Нелепость происходящего заключалась в том, что при таких отношениях они продолжали жить вместе.  Коля, наивный романтик, все надеялся на чудо, на то, что однажды  растают льдинки в сердце его заколдованной Снежной королевы, и он увидит в глазах понимание, в голосе теплоту, а музыкальные пальчики доверчиво пригреются в его ладони. Но время шло, а  Зина становилась все холоднее, язвительнее. Ну что ей надо?
 
    Если не смотреть на Николая глазами Зины, то был он  мужчина завидный во всех отношениях: выпивал только по большим праздникам, и всегда в меру, не курил, имел нормальную работу, и стесненности в средствах дома не было никогда. Он был  интересен внешне и внутренне, и с ним не стыдно было  показаться на люди. А еще он был однолюб. Что же мешало Зине видеть в муже его лучшие качества? У нее был кто-то другой?

Нет, у Зины был  свой счет к мужу, и отвратительный характер. Обида на то, что жизнь сложилась не так, как хотелось,  отравляла каждый  ее день. А чего  же хотелось этой женщине?

    А все было банально просто – не любила она мужчину, за которого вышла замуж.  Тогда, много лет назад, он обаял ее своим преклонением, восхищением, наивным восторгом.
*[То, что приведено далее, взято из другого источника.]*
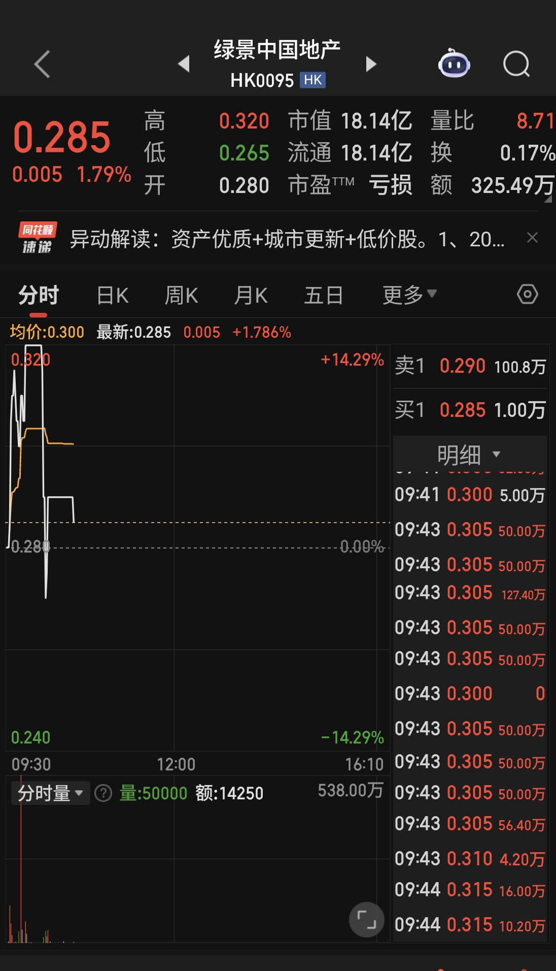 $绿景中国地产(HK|00095)$ 空头500万一口吃掉

Парень, пользовавшийся  успехом у подруг, расстилался перед ней! И у Зины пошла кругом голова: да, я такая! Да, я могу! И он будет моим!
 
    Но отзвучали свадебные фанфары,  глубоко в шкаф убрали нарядное платье, и жизнь пошла дальше – у нее свои законы и требования. Утром – на работу, вечером – в магазин, домой прибежала – к плите, потом посуда, возня с ребенком, телевизор, по выходным – стирка, глажка, уборка. А когда жить? Мне уже … не важно, а что я видела? Где мы бываем? Куда ездим? С кем дружим?

    Подруг у Зины не было. Не потому, что вокруг были сплошь плохие люди,  просто она их такими видела, и ей отвечали тем же. В небольшом поселке, где они жили, люди хорошо знали друг друга, и Зину считали хоть и умной, но женщиной злой и высокомерной, на работе особо старались не трогать. Так и жила – сама с собой и своими амбициями. Но признавать, что во многом причина  положения, в каком оказалась, кроется в ней самой, Зина не хотела, да и не считала она себя в чем-то неправой. А что касается  Кольки, так тут и вообще говорить было не о чем – не орел он оказался, не орел!
 
    Когда он  впервые появился в поселке, приехав после техникума к родственникам отдохнуть, он показался Зине таким привлекательным! Да и с будущим все, казалось,  неплохо складывалось: жил в городе, правда, с родителями, но это не беда – что-нибудь можно придумать, образование есть, значит, без работы не останется.  А что получилось? А ничего! Остался в поселке, устроился в частный шиномонтаж и пропадает там дни напролет. К родителям ехать отказался: у них, видите ли, квартира маленькая и отец  пьющий.  А здесь нормально? – Сняли комнату в общаге,   в ней  и  живут втроем. Все собирают на квартиру. Ну, и когда  на нее наберешь, если каждый  день что-то, да надо?  Машину купили – как без нее ?  А сколько на нее денег уходит: то запчасти, то бензин! Скажешь что – он в спор: «А в городе чем лучше? Там  квартиру снять – вся зарплата уйдет, а еще  школа, кружки разные,  за коммуналку, а на что пить-есть?»  Нашла, называется, хорошего мужа! Сиди в этой глуши,  ни тебе выйти куда, ни сходить к кому!

    Зина часто перебирала в памяти своих одноклассниц,  вспоминала кто, где  и как устроился, и люто завидовала. Правда, вспоминала выборочно, только тех, кто уехали из поселка,  вышли  замуж «на стороне», остались  в городе жить. Из их числа отсеивала тех, кто после нескольких лет супружеской жизни  успели развестись, и крутились, кто поддерживаемый родителями, а кто и без надежды  хоть на какую помощь. Им она не завидовала, но и не сочувствовала, считая, что сами виноваты – умнее надо быть,  хитрее. «Уж я бы  свое не упустила!».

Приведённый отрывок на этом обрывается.